I've been using it for a while to develop internal tools and I've been really impressed at how you can build complex applications with just pure HTML/CSS/JS
Previously I'd use React but now its not as clear to me the reason I would do that since either way I would just be developing through Claude.
It feels almost like the framework is just an implementation detail.
I find myself using a lot less libraries in general as well.
It kind of gives you a bit of NIH syndrome since the time cost is so low to roll your own sometimes.
Conversely, I had Claude build a webapp for internal purposes to help translate some content we were creating. It was done in HTML, JS and tailwind with no framework. After a while, I could see that the jank it kept adding would be a problem so I had Claude refactor it using sveltekit.
Instead, I feel it's enabled us to more freely choose what frontend framework(s) we want to implement. Based on the problem we're trying to solve.

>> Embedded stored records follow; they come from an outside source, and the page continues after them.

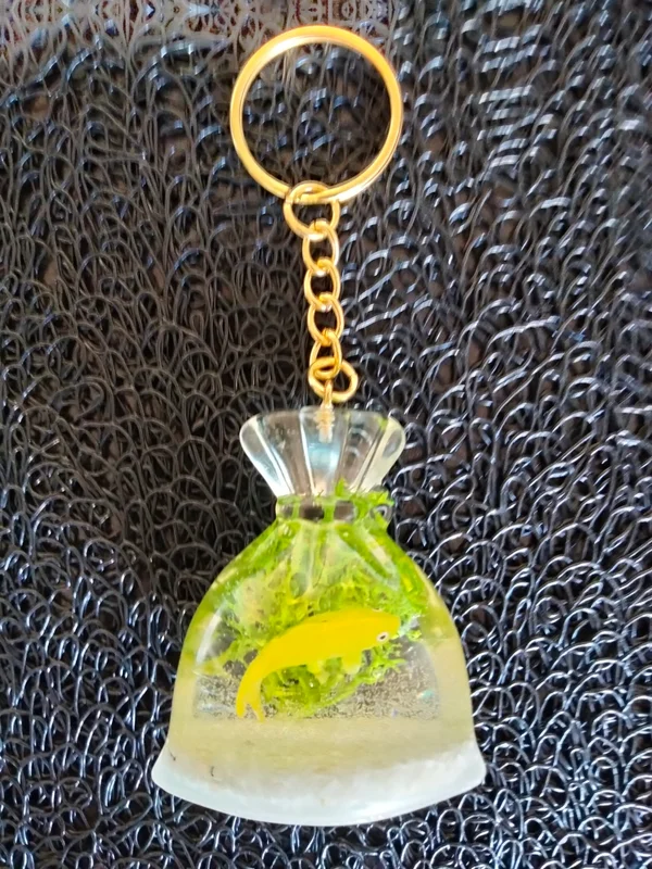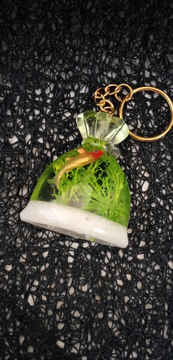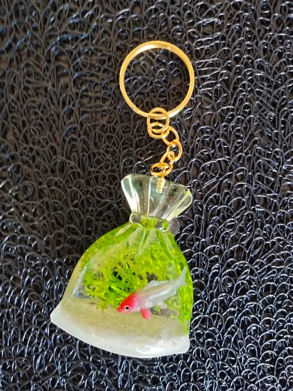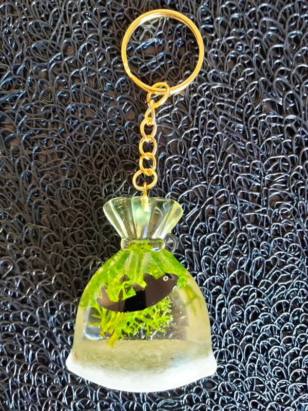 Porte clés « Poisson rouges »en résine époxy avec inclusion de sable, d’un poisson en plastique et de zeechium.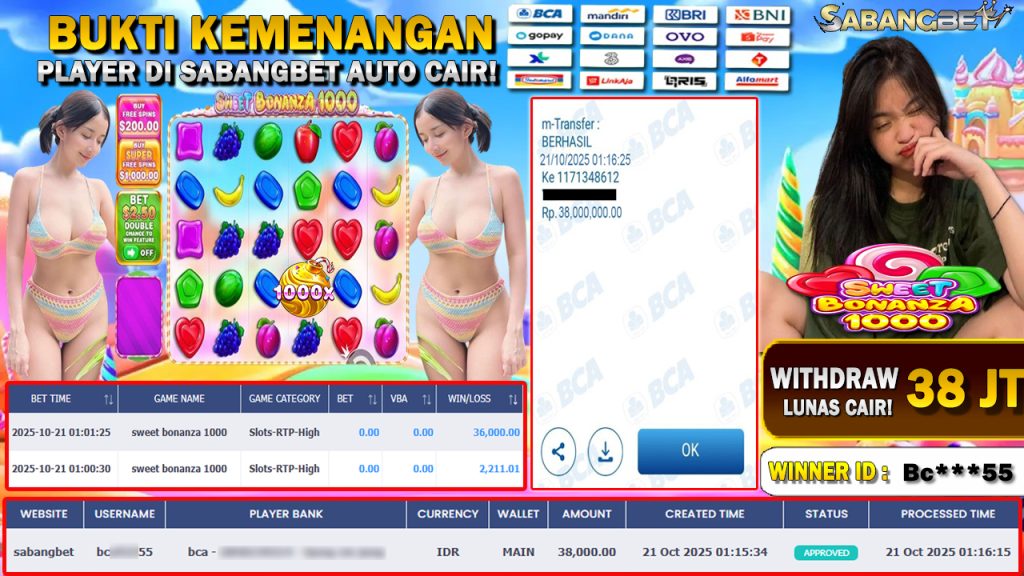 BUKTI KEMENANGAN 21 OKTOBER 2025 DI GAME SWEET BONANZA WD 38 JUTA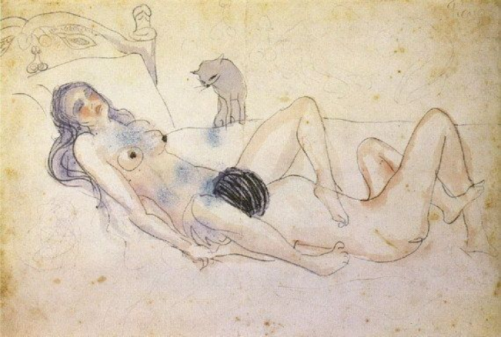 Obsérvese el dibujo de la vulva en el marco de la cama (con el clítoris incluido).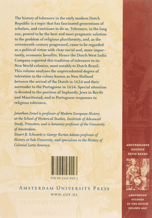 Two renowned historians address the issue of religious tolerance in the Dutch-ruled Brazil in the seventeenth century. The reputation of the Dutch for religious tolerance was never more justified than in their Brazilian colony, where Catholics and Jews coexisted peacefully alongside the Protestants, all enjoying freedom of religious belief and practice. This tolerance was not exclusive to the Dutch: the Portuguese in Brazil likewise accepted various forms religious worship.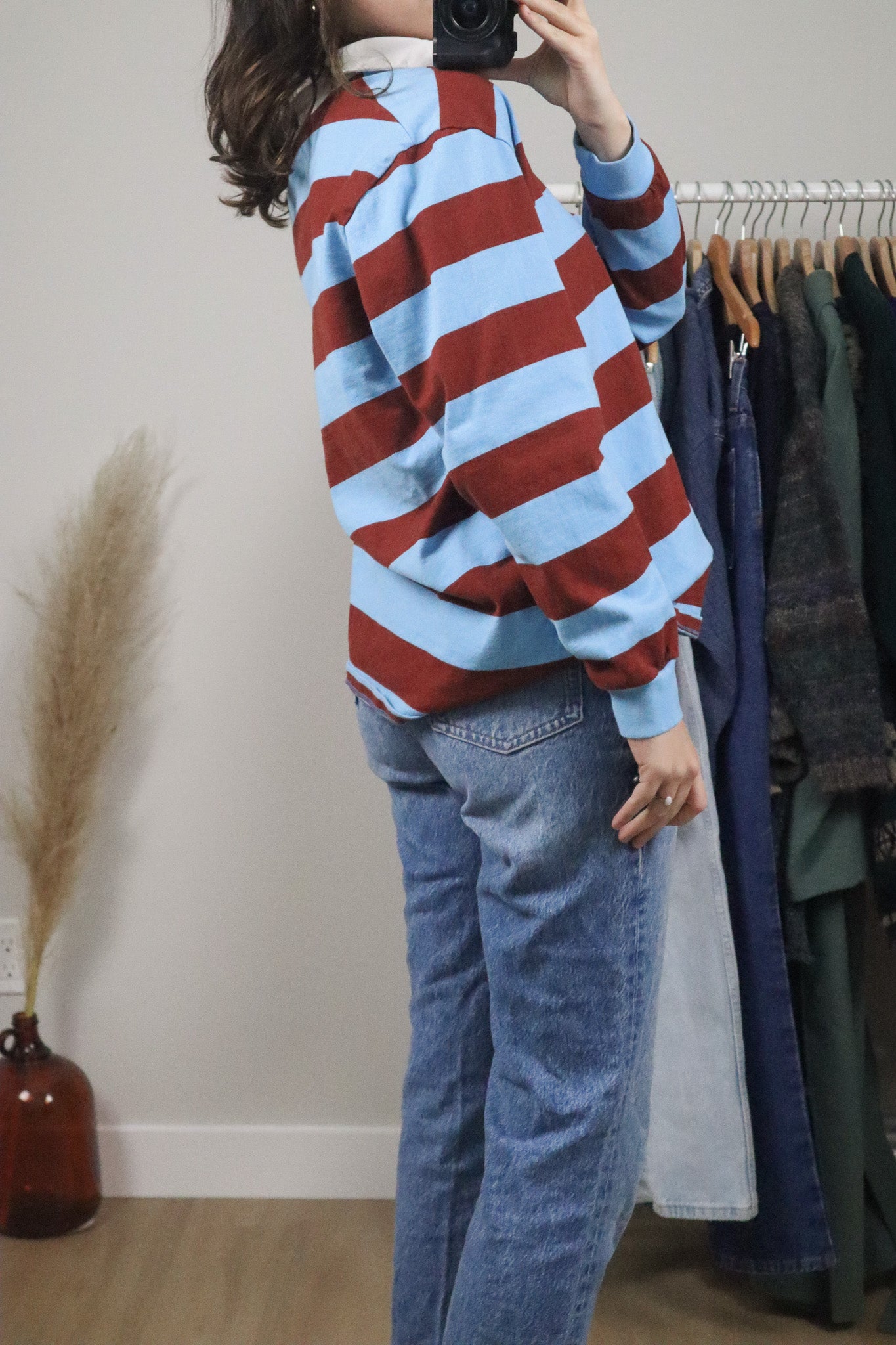 Size: Labeled XS, suits S / Brand: Levi's / Condition: 9/10 / Material: 100% cotton / Type: Vintage / Colours: Blue, rust, white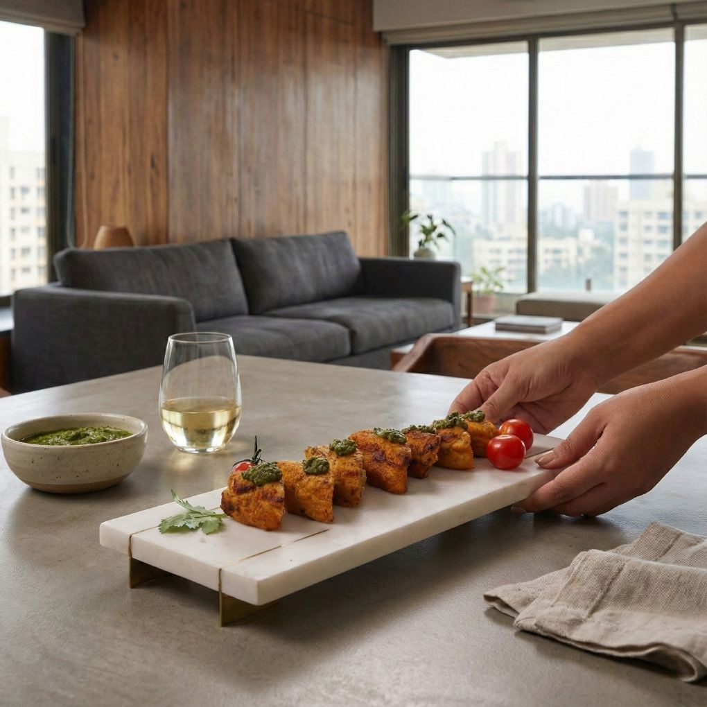 The Art of Entertaining Whether you are curating a charcuterie spread on the moody black surface or presenting artisanal pastries on the pristine white, this marble serving platter elevates every offering. The polished surface keeps cheeses and fruits cool, while the raised brass legs provide a sculptural lift, adding effortless hierarchy to your table setting.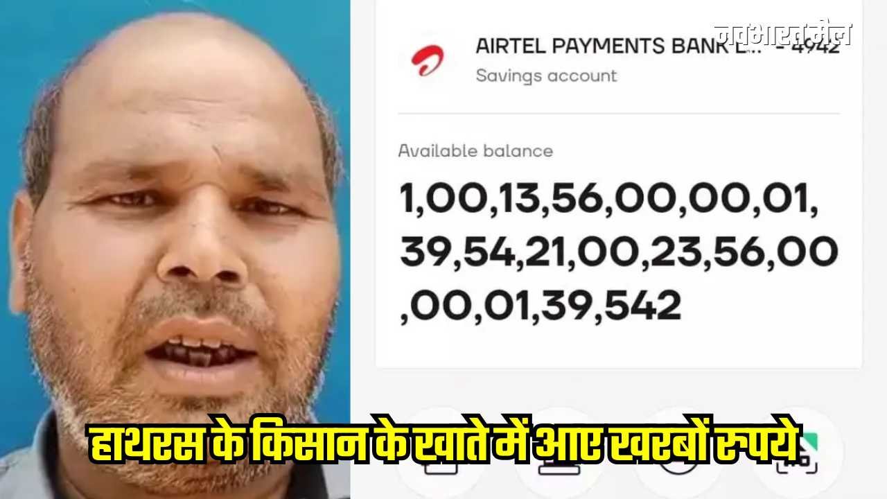 मीडिया रिपोर्ट्स के अनुसार, यूपी के हाथरस जिले के सादाबाद अंतर्गत मिढ़ावली गांव निवासी अजीत नामक किसान के खाते में 10 नील 1 खरब 35 अरब 60 करोड़ 13 लाख 95 हजार रुपये से अधिक की बड़ी रकम जमा हुई है। इतनी बड़ी रकम पाकर वह आश्चर्यचकित हो गया। किसान अजीत के अनुसार जब उसने अपना एयरटेल पेमेंट बैंक खाता चेक किया तो उसके होश उड़ गए। उनके खाते में जो रकम आई वह बहुत बड़ी थी।

There's only so much that 1 human can become an expert at. Before AI assistants, we had to make some choices: I cannot become an expert at React, Vue, Angular, Svelte, SolidJS, Quik, and Astro/Alpine/HTMX simultaneously. Too much. So I must pick one or two that I think are best-suited for me. Learn them deeply. Then apply them everywhere.
With AI assistants, there's more freedom. I'm not an expert at Svelte. But if there's a web problem I feel Svelte would solve best? Then that's what I can use. If I really need React's virtual DOM? Then go that direction. If what I'm building is so simple that a static website with basic HTML and JS and a CSS framework is sufficient? I can go that direction.
Granted, there are absolutely risks for relying on AI assistants to write code you don't comprehend or understand. There are times I'm okay with it. And times I am not.
But as for your question, am I less-likely to use frontend frameworks now? No, I'm actually using them more than I did previously. I'm just being choosier about what I truly need, versus what's overkill.